RECHTBANK GELDERLAND
Team strafrecht
Zittingsplaats Arnhem
Parketnummer: 05.072344.23
Datum uitspraak : 30 november 2023
Tegenspraak
vonnis van de meervoudige kamer
in de zaak van
de officier van justitie
tegen
[verdachte],
geboren op [geboortedatum] 1991 in [geboorteplaats] ,
op dit moment gedetineerd in de [verblijfplaats] .
Raadsvrouw: mr. L.A.C. ter Steeg, advocaat in Amsterdam.
Dit vonnis is gewezen naar aanleiding van het onderzoek op openbare terechtzittingen.

1.De inhoud van de tenlastelegging

Aan verdachte is, na toewijzing van een vordering tot nadere omschrijving van de tenlastelegging, ten laste gelegd dat:
hij op of omstreeks 12 maart 2023 te Nijmegen [slachtoffer] opzettelijk en al dan niet met voorbedachten rade van het leven heeft beroofd, door voornoemde [slachtoffer] veelvuldig, althans meerdere malen, met een mes en/of een schaar, althans enig scherp voorwerp, in het hoofd en/of de hals en/of de nek en/of de borst en/of de schouders en/of de flank en/of de buik en/of de rug, althans het lichaam, te steken en/of te snijden.
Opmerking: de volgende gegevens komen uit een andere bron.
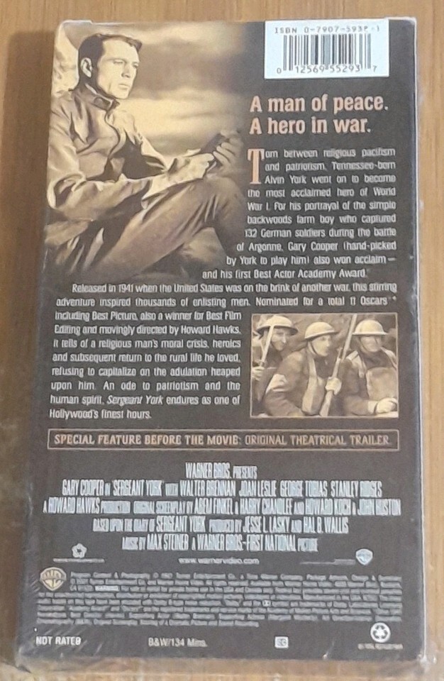 I am selling a VHS copy of the classic war drama SERGEANT YORK, featuring Gary Cooper in the first of his two Oscar-winning roles. The copy I am selling still remains in brand new condition and in shrink wrap. I had it for years but I never bothered to open it, so I am getting rid of it.

2. Overwegingen ten aanzien van het bewijs [1]
Het standpunt van de officier van justitie
Wettig en overtuigend bewezen kan worden dat verdachte zich schuldig heeft gemaakt aan doodslag. Het dossier biedt onvoldoende aanknopingspunten om tot wettig en overtuigend bewijs te komen van de voor moord vereiste voorbedachte raad.
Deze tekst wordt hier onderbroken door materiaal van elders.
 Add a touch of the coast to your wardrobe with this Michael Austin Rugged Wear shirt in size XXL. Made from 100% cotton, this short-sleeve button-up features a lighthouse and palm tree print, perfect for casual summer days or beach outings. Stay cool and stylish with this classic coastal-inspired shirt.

Het standpunt van de verdediging
De raadsvrouw heeft bepleit dat verdachte niet met voorbedachte raad heeft gehandeld en daarom dient te worden vrijgesproken van de impliciet primair ten laste gelegde moord. Met betrekking tot de impliciet subsidiair ten laste gelegde doodslag heeft de raadsvrouw geen bewijsverweer gevoerd.
Beoordeling door de rechtbank
De centrale vraag die in deze zaak moet worden beantwoord is of al dan niet sprake is geweest van voorbedachte raad. Met andere woorden: of sprake is van moord of doodslag. Bij doodslag handelt de dader in een opwelling, bijvoorbeeld uit woede. Van moord is sprake als de dader zich gedurende enige tijd heeft kunnen beraden op het te nemen of het genomen besluit en hij niet heeft gehandeld in een ogenblikkelijke gemoedsopwelling, zodat hij de gelegenheid heeft gehad na te denken over de betekenis en de gevolgen van zijn voorgenomen daad en zich daarvan rekenschap heeft gegeven.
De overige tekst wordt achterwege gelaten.